Once we have carefully defined and implemented a function, we need to test it thoroughly. You have surely been testing your functions all along, but now that we have written some more involved ones, it is time to start taking a more deliberate approach.

It is very important to test each function that we write before we move on to other functions. The process of writing a program should consist of multiple iterations of design—implement—test, as we illustrated in Figure 7.1 in Section 7.1. Once you come up with an overall design and identify what functions you need, you should follow this design—implement—test process for each function individually. If you do not follow this advice and instead test everything for the first time when you think you are done, it will likely be very hard to discern where your errors are.

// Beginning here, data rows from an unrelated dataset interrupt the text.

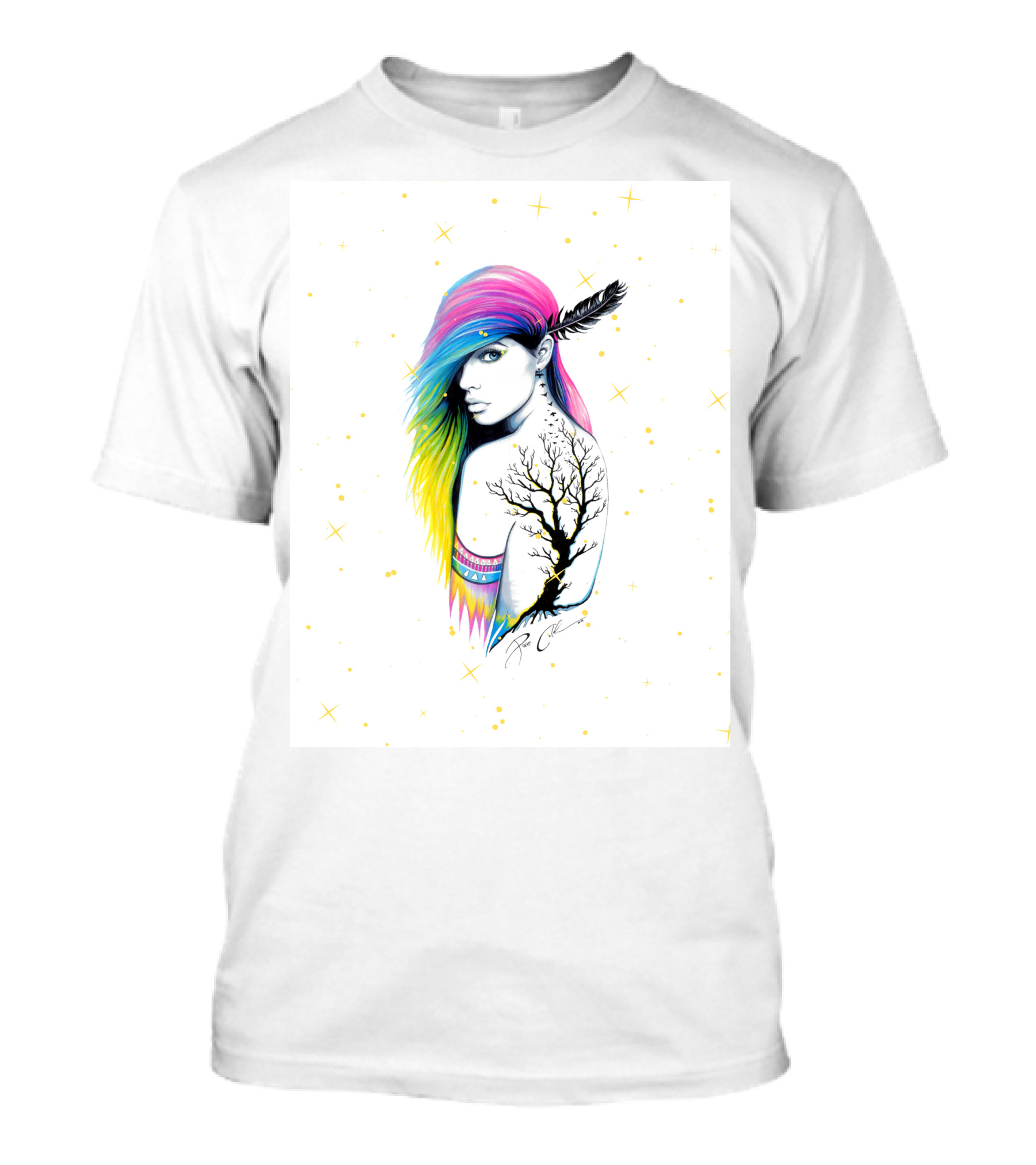 The The Painting Girl Feather Tattoo Neon Rainbow Hair by Fiddle Sticks网页 T-shirt is designed for everyday wear and a consistent fit. Fabric is pre-shrunk ring-spun cotton with durable stitching. See the size chart below for exact measurements.
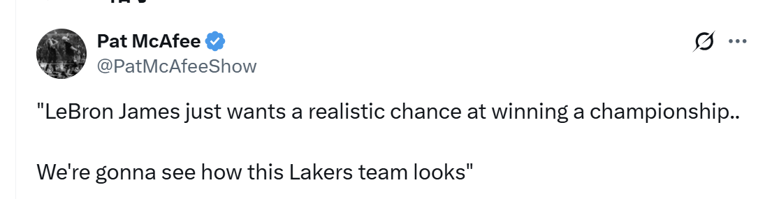 “勒布朗-詹姆斯的核心獲核心訴求始終是獲得爭奪總冠軍的現(xiàn)實機會。
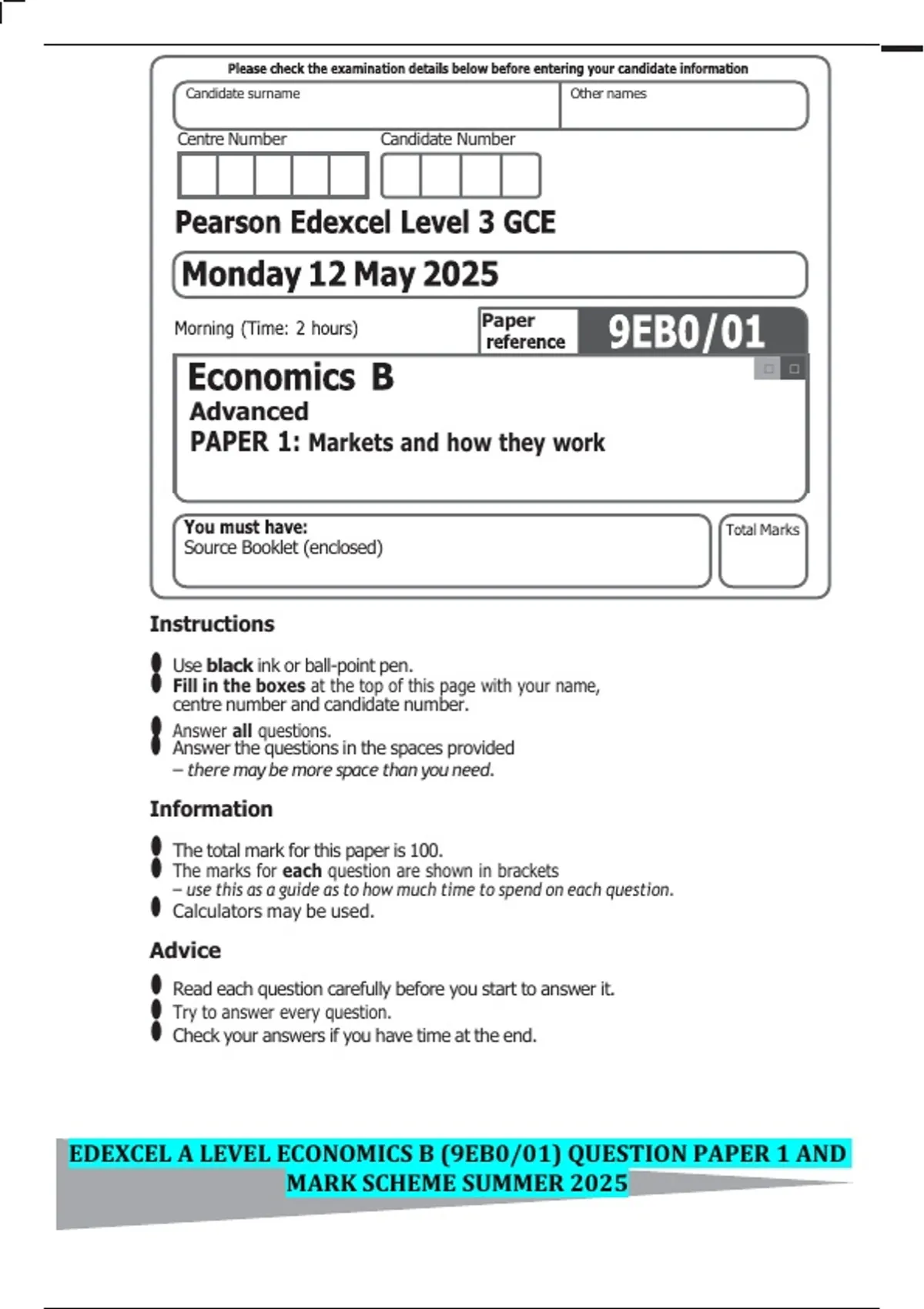 EDEXCEL A LEVEL ECONOMICS B (9EB0/01) QUESTION PAPER 1 AND MARK SCHEME SUMMER 2025

The only way to really ensure that a function is correct is to either mathematically prove it is correct or test it with every possible input (i.e., every possible parameter value). But, since both of these strategies are virtually impossible in all but the most trivial situations, the best we can do is to test our functions with a variety of carefully chosen inputs that are representative of the entire range of possibilities. In large software companies, there are dedicated teams whose sole jobs are to design and carry out tests of individual functions, the interplay between functions, and the overall software project.

Unit testing

We will group our tests for each function in what is known as a unit test. The “unit” in our case will be an individual function, but in general it may be any block of code with a specific purpose. Each unit test will itself be a function, named test_ followed by the name of the function that we are testing. For example, our unit test function for the count function will be named test_count. Each unit test function will contain several individual tests, each of which will assert that calling the function with a particular set of parameters returns the correct answer.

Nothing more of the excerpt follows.